The calculation of the values is done element-wise. This means all values in the given column are multiplied by the value 1.882 at once. You do not need to use a loop to iterate each of the rows!

![image.png](attachment:de4d4a7a-cf35-4cd1-a913-11fb4a4d2bbe.png)
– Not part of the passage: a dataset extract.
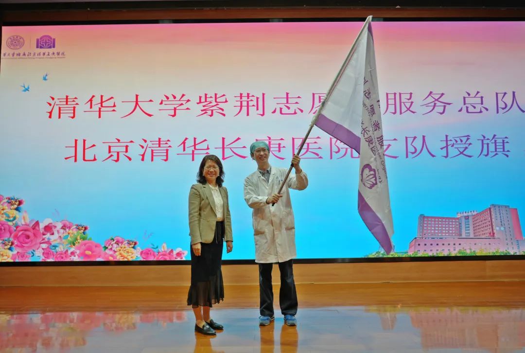 王克霞为清华大学紫荆志愿服务总队北京清华长庚医院支队授旗

Now, I want to check the ratios of the values in Paris Vs. Antwerp and save the result in a new column

In [6]:
air_quality["ratio_paris_antwerp"] = (
    air_quality["station_paris"]/air_quality["station_antwerp"]
)

In [7]:
air_quality.head()

Unnamed: 0_level_0,station_antwerp,station_paris,station_london,london_mg_per_cubic,ratio_paris_antwerp
datetime,Unnamed: 1_level_1,Unnamed: 2_level_1,Unnamed: 3_level_1,Unnamed: 4_level_1,Unnamed: 5_level_1
2019-05-07 02:00:00,,,23.0,43.286,
2019-05-07 03:00:00,50.5,25.0,19.0,35.758,0.49505
2019-05-07 04:00:00,45.0,27.7,19.0,35.758,0.615556
2019-05-07 05:00:00,,50.4,16.0,30.112,
2019-05-07 06:00:00,,61.9,,,


The calculation is again *element-wise*, so the `/` is applied to each of the pairs of corresponding rows for paris and antwerp. 
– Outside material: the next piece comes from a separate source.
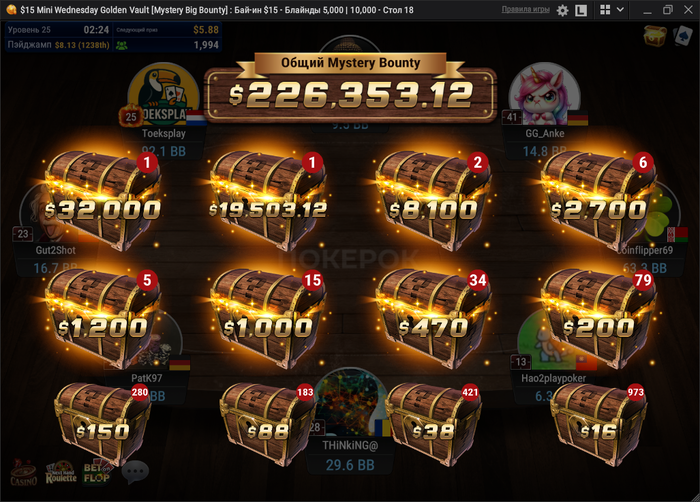 И ещё не пропускай ни одного Mystery за $15, просто посмотри на эти призовые, это же пиздец покерная мечта, которая в любой момент может стать явью:

Also other mathematical operators (`+`, `-`,`*`, `/`,…) or logical operators (`<`, `>`,`==`,…) work element-wise. The latter was already used in the subset data tutorial to filter rows of a table using a conditional expression.

If you want more *advanced* mathematical operation or logic, you caqn use arbitrary Python code via apply().

#### Now, I want to rename the data columns to the corresponding station identifiers used by OpenAQ.

In [8]:
air_quality_renamed = air_quality.rename(
    columns={
            "station_antwerp": "BETR801",
            "station_paris": "FR04014",
            "station_london": "London Westminster",
        }
)

In [9]:
air_quality_renamed.head()


Unnamed: 0_level_0,BETR801,FR04014,London Westminster,london_mg_per_cubic,ratio_paris_antwerp
datetime,Unnamed: 1_level_1,Unnamed: 2_level_1,Unnamed: 3_level_1,Unnamed: 4_level_1,Unnamed: 5_level_1
2019-05-07 02:00:00,,,23.0,43.286,
2019-05-07 03:00:00,50.5,25.0,19.0,35.758,0.49505
2019-05-07 04:00:00,45.0,27.7,19.0,35.758,0.615556
2019-05-07 05:00:00,,50.4,16.0,30.112,
2019-05-07 06:00:00,,61.9,,,


The `rename()` function can be used for both row labels and column labels. Provide a dicitonary with the keys as the currentnames and the values as the corresponding new column names.
> The mapping doesn't have to be restricted to fixed names only, but can be a mapping function as well. For example, converting the column names to lowercase letters can be done using a function as well:

In [10]:
air_quality_renamed = air_quality_renamed.rename(columns=str.lower)

In [11]:
air_quality_renamed.head()

Unnamed: 0_level_0,betr801,fr04014,london westminster,london_mg_per_cubic,ratio_paris_antwerp
datetime,Unnamed: 1_level_1,Unnamed: 2_level_1,Unnamed: 3_level_1,Unnamed: 4_level_1,Unnamed: 5_level_1
2019-05-07 02:00:00,,,23.0,43.286,
2019-05-07 03:00:00,50.5,25.0,19.0,35.758,0.49505
2019-05-07 04:00:00,45.0,27.7,19.0,35.758,0.615556
2019-05-07 05:00:00,,50.4,16.0,30.112,
2019-05-07 06:00:00,,61.9,,,


## REMEMBER
* Create a new column by assigning the output to the DataFrame with a new column name in between the `[]`.

* Operations are element-wise, no need to loop over rows.

* Use `rename()` with a dictionary or function argument to rename row labels or column names.